Which refers to a saying by Niels Henrik Abel
The divergent series are the invention of the devil, and it is a shame to base on them any demonstration whatsoever. By using them, one may draw any conclusion he pleases and that is why these series have produced so many fallacies and so many paradoxes …
This reminded me about a fuss in the blogosphere a few months ago:
Phil Plait, the “Bad Astronomer” ventured into purely mathematical territory: When Infinity Is Actually a Small, Negative Fraction
Which provoked Bad Math from the Bad Astronomer
The important thing to note here is that we are not saying that the Cesaro sum is equal to the series. We’re saying that there’s a way of assigning a measure to the series.

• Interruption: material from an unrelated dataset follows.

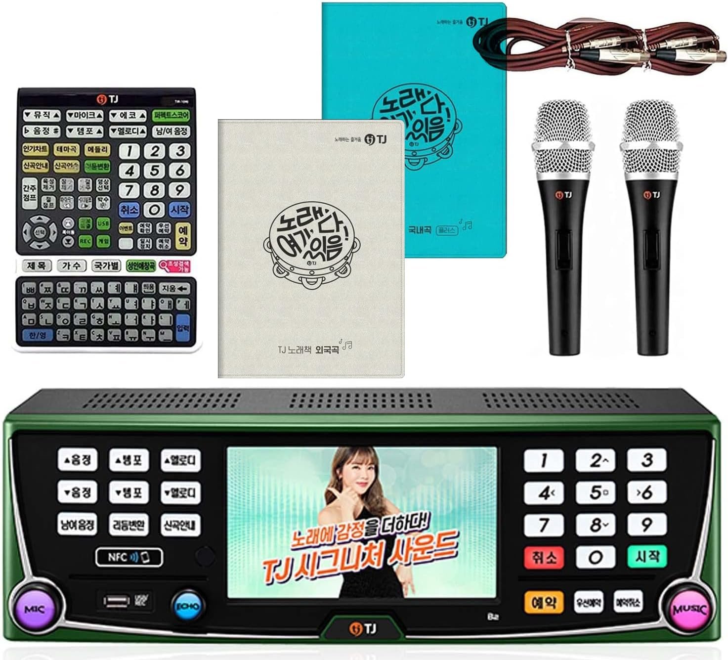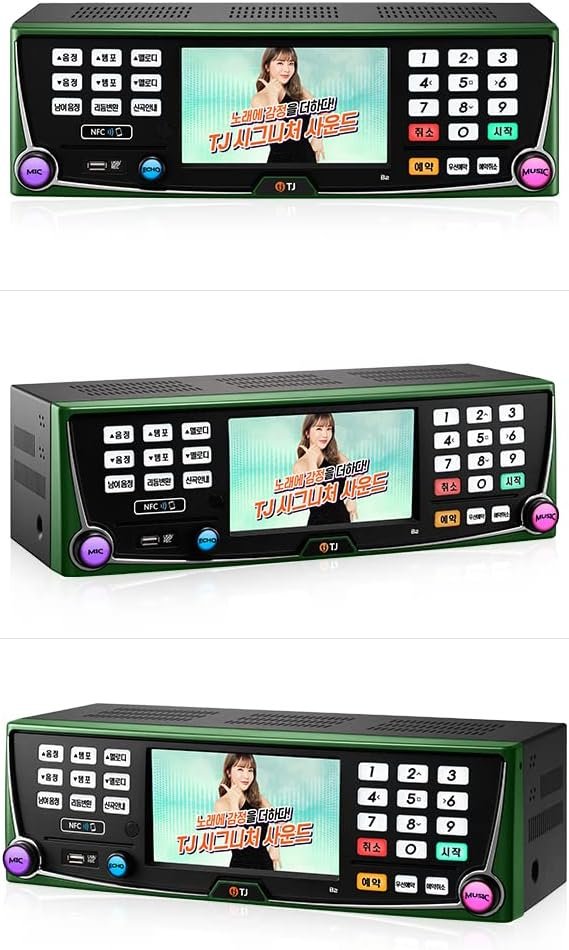 This karaoke device is a Korean version (TJ B2) with all manuals and songs primarily in Korean (90% Korean, 10% foreign). It operates on 110V to 220V and consumes 40W, with a 1TB HDD. Weighing 4.6kg and measuring 420 x 144 x 211.6 mm, it includes a US conversion plug for buyers. Features include a 7-band mic EQ, 15-band music EQ, and Bluetooth connectivity for YouTube songs. Note that it requires a separate amplifier and speakers to function. The package includes the karaoke body, remote control, song books, a microphone, and necessary cables.

And there is the first huge, gaping, glaring problem with the video. They assert that the Cesaro sum of a series is equal to the series, which isn’t true.
- and If it’s hocus pocus then it’s not math
Some other comments:
- Infinite series: not quite as weird as some would say
- Correction: Does 1+2+3+4+ . . . =-1/12? Absolutely Not
- So What Does 1+2+3+4+… Equal? We Give You the Answer
- Infinity or -1/12?
While I majored in physics at Carleton I also took more math than was required, enough to appreciate limits and convergence, and to see the dangers in saying that a non-convergent series is equal to anything. But it is kind of fun.